Lost in the flood #1: programming, Japanese gardens, music, machine learning

The problem: an ever expanding set of Chrome tabs of read/study/watch/respond-to later material. I’m trying a new solution: put the links in a blog post, write why I haven’t closed the tabs, close the tabs. (And come back to them later. Maybe.)

Let’s go.

What is embodied programming? blog post by Alex McLean (@yaxu). Alex is trying to give a name to something he’s calling embodied programming. From a quick skim I think it’s related to programming in a cyber-physical loop with the machine. But I need to read Alex’s post properly to be sure.

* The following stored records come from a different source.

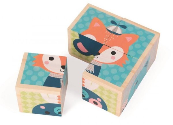 Kostky pro nejmenší! Moje první kostky - Zvířátka z lesa je zábavná hra ze 4 dřevěných kostek, ze kterých si můžete vytvořit 4 portréty lesních zvířátek (liška, králík, zajíc, psík). Víte jak tato zvířátka vypadají? Dokážete je z jednotlivých kostek poskládat? Kostky jsou skvělým dárkem k prvním narozeninám pro Vaše nejmenší ratolesti. Kostky jsou dodávány v originálním a praktickém kartonovém obalu. Vhodné pro děti od 12 měsíců.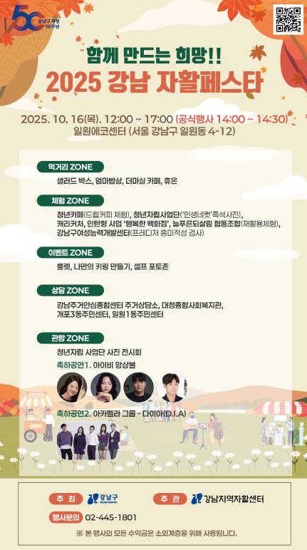 [뉴스노크=김인호 기자] 꿈이 모이는 도시, 미래를 그리는 강남구가 10월 16일 낮 12시부터 오후 5시까지 일원에코센터에서 ‘2025 강남 자활페스타’를 개최한다.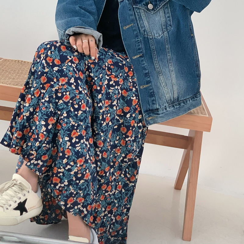 Retro color medium length skirt A-shaped skirt
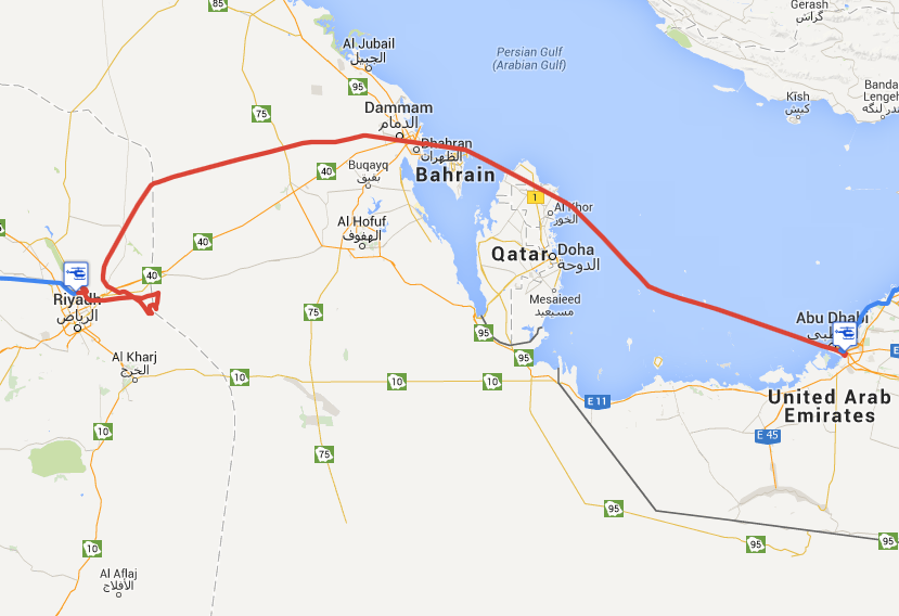 1. Al Bateen Executive Airport, OMAD (08:53Z) -> КАТАР -> БАХРЕЙН -> САУДОВСКАЯ АРАВИЯ -> King Khalid Airport, OERK (14:34Z)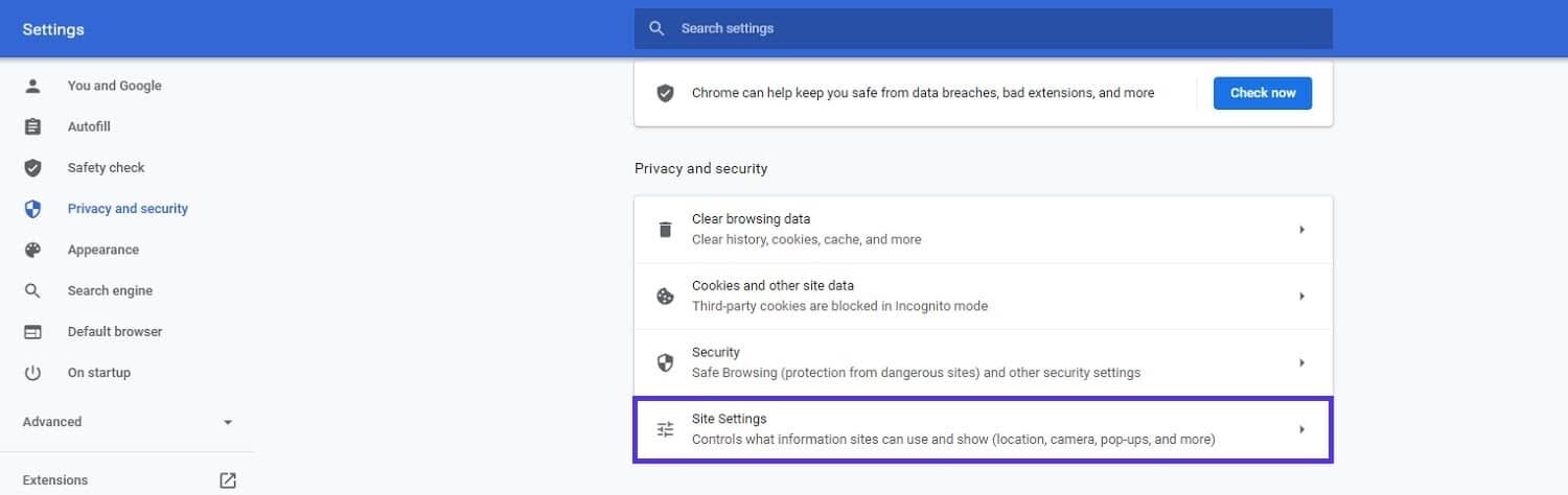 接下来,前往 “网站设置” 并点击进入通知页面。

I first encountered the term cyber-physical in a paper by Andrew Sorensen (@digego). Programming With Time – Cyber-physical programming with Impromptu (Sorensen and Gardner 2010). Andrew Sorensen recently posted a video of his latest work: Physics Playroom at QUT’s new Science & Technology precinct, and gave a detailed technical description on the extempore mailing list. Physics Playroom is an impressive piece of interactive programming making use of a huge aggregated video wall, a cluster of computers, and bank of multi-touch screens capable of simultaneously interacting with a hoard of school kids. Playroom is developed in Andrew’s latest live coding system extempore. (If you’re reading this Andrew, thanks very much for answering my question in such detail!)

Emotional responses to music: The need to consider underlying mechanisms (Juslin and Västfjäll 2008). Related to my recent emotional response on the music-dsp mailing list.

One thing I did find time to watch was Dream Window: Reflections on the Japanese Garden (1992) a stunning documentary. IMDb describes it as “Exquisite exploration of landscape and Toru Takemitsu’s music for a Japanese moss garden.” Highly recommended.

My interest in Japanese gardens arose from an ongoing reflective process concerning software design. I was thinking about the concept of negative space — the space around things — the “anti-object”. This lead me to the related (but I don’t think synonymous) Japanese word “ma(here’s another definition of “ma”, and an interesting discussion about Ma at Metafilter). In the process I found MA: Space/Time in the Garden of Ryoan-Ji a video artwork by Takahiko Iimura. The artist’s notes about the work provide an interesting insight into the compositional process. I would like to know more about ma.

Generic programming with C++ concepts and Haskell type classes—a comparison (J.F. Bernardy et al 2010). Lately I’ve been writing C++ code that is better expressed using compile-time polymorphism (templates) than C++’s good old runtime polymorphism (virtual functions). I’ve been thinking about the not-yet-extant C++ concept specifications, which lead me to the linked paper. My knowledge of Haskell is limited. The relation between C++ templates and Haskell type classes has been on my radar since I encountered Bartosz Milewski’s Monads in C++ blog post a couple of years back.

The Fast Cauchy Transform and Faster Robust Linear Regression (K.L. Clarkson et al 2012) paper at arXiv.org and summary at Nuit Blanche (via @IgorCarron). Fast, Robust, Randomised, what more could you want? Fast L1 regression is a hobby of mine. If nothing else this paper will give me a chance to practice my Linear Algebra.

Machine learning – Random forests video of lecture by Nando de Freitas. Random forests, aka decision forests, and ensemble methods. Seems like something I should know more about.

NI have released Traktor DJ for iPad. I am intrigued by the UI design.

Striking it Richer: The Evolution of Top Incomes in the United States (Updated with 2011 estimates) by Emmanuel Saez (via @accessjames). My version of following the movie stars.